Albus se encerró la cabeza entre las manos, agobiado. Había estado demasiado cerca de perder a su hermana. Había sobrestimado su capacidad para controlarla, tanto a ella como a Amadeus Relish, y la situación se le había ido de las manos.
—Yo no sabía de esa poción, papá. Jamás habría accedido a algo así —fue la mejor disculpa que logró articular.
—Pero avalaste otras cosas a mi espalda… Y me mentiste —no era solo la decepción, sino el dolor que irradiaba la voz de su padre lo que terminó por romper a Albus.
—Lo siento… Yo… Me equivoqué, papá. Lo siento —se había quedado sin excusas. Ya no podía mentirse siquiera a sí mismo. Había ido demasiado lejos. Había jugado con fuego. Y no solo se había quemado a sí mismo, sino que había incendiado a todos a su alrededor.
Su padre se inclinó hacia delante y colocó una de sus manos sobre el hombro de Albus, consolándolo. Albus se sintió aún más miserable. No se merecía la comprensión de su padre.
—Me recuerdas mucho a mí cuando tenía tu edad —comentó Harry, su voz suavizándose una vez más—. Pero estas batallas no pueden pelearse solos, Albus. Necesito que confíes en mí. Porque habrá momentos en los que esa confianza será todo lo que tendremos. ¿Me entiendes?
Creía que lo entendía. Esperaba entenderlo. Creer o no creer. Confiar o no confiar. Al final, todo se reducía a eso.
Todo en la casa del valle seguía igual que como ella lo recordaba de su última vez allí. Excepto que ya nada era lo mismo. Su hogar ya no se sentía como su hogar. O talvez, era ella la que ya no encajaba en él.
No sabía dónde se suponía que encajaba ahora tampoco. Definitivamente, no en el centro de rehabilitación a donde la habían mandado tras el desafortunado accidente en Hogwarts. Pero al menos allí no había tenido que pretender ser alguien que ya no era. Podía pasarse horas, incluso días, encerrada en la habitación, sin más compañía que su propia mente. Y vaya que había aprendido a recorrerla, a ordenarla y fragmentarla. Draco estaría orgullosa de ella. Lily no se enorgullecía de muchas cosas sobre sí misma, pero sí que había conseguido dominar la Oclumencia en los últimos meses. Una de las ventajas del encierro y la soledad.
Aunque no había estado sola, no de verdad.
Querida Lily,
Me siento confiado al afirmar que tu tiempo en Francia llegará pronto a su fin. Después de todo, nada es para siempre.

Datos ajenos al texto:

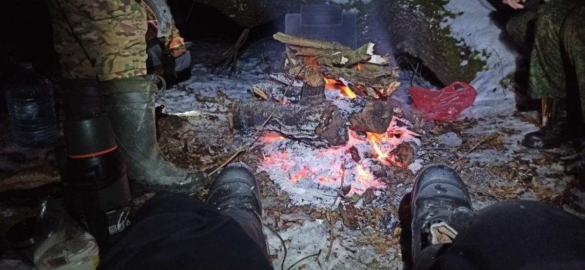 Как и обещалось: каждый участник нашёл себе в нём посильную ношу - кто-то прошёл маршем в наши мокрые Калининградские -8°C 16 км по заснеженным полям и лесам! (шли целый день, вернулись затемно), кто-то остался на хозяйстве в лагере и варил суп. Также и ночь пережили без потерь и без новых соплей (никто не заболел).
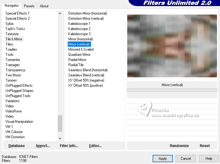 5. Effects>Plugins>Filters Unlimited 2.0 - Tile & Mirror - Mirror (Vertical).

Sigo comprometido con tu causa, hoy más que nunca. Espero ansioso el momento en que volvamos a vernos para poder compartir contigo las novedades. Con un poco de suerte, talvez consiga visitarte para la Navidad.
Mientras tanto, mantente fuerte y sigue entrenando.
A.
Había sido la última carta que la sanadora había logrado contrabandear antes de que Francia se convirtiera en un gobierno acéfalo y a Lily la trasladaran con urgencia a San Mungo. Con Victoire Weasley vigilándola tiempo completo, Lily no había tenido oportunidad de responder. Pero confiaba ciegamente en él. Y si él le había prometido visitarla en Navidad, entonces cumpliría.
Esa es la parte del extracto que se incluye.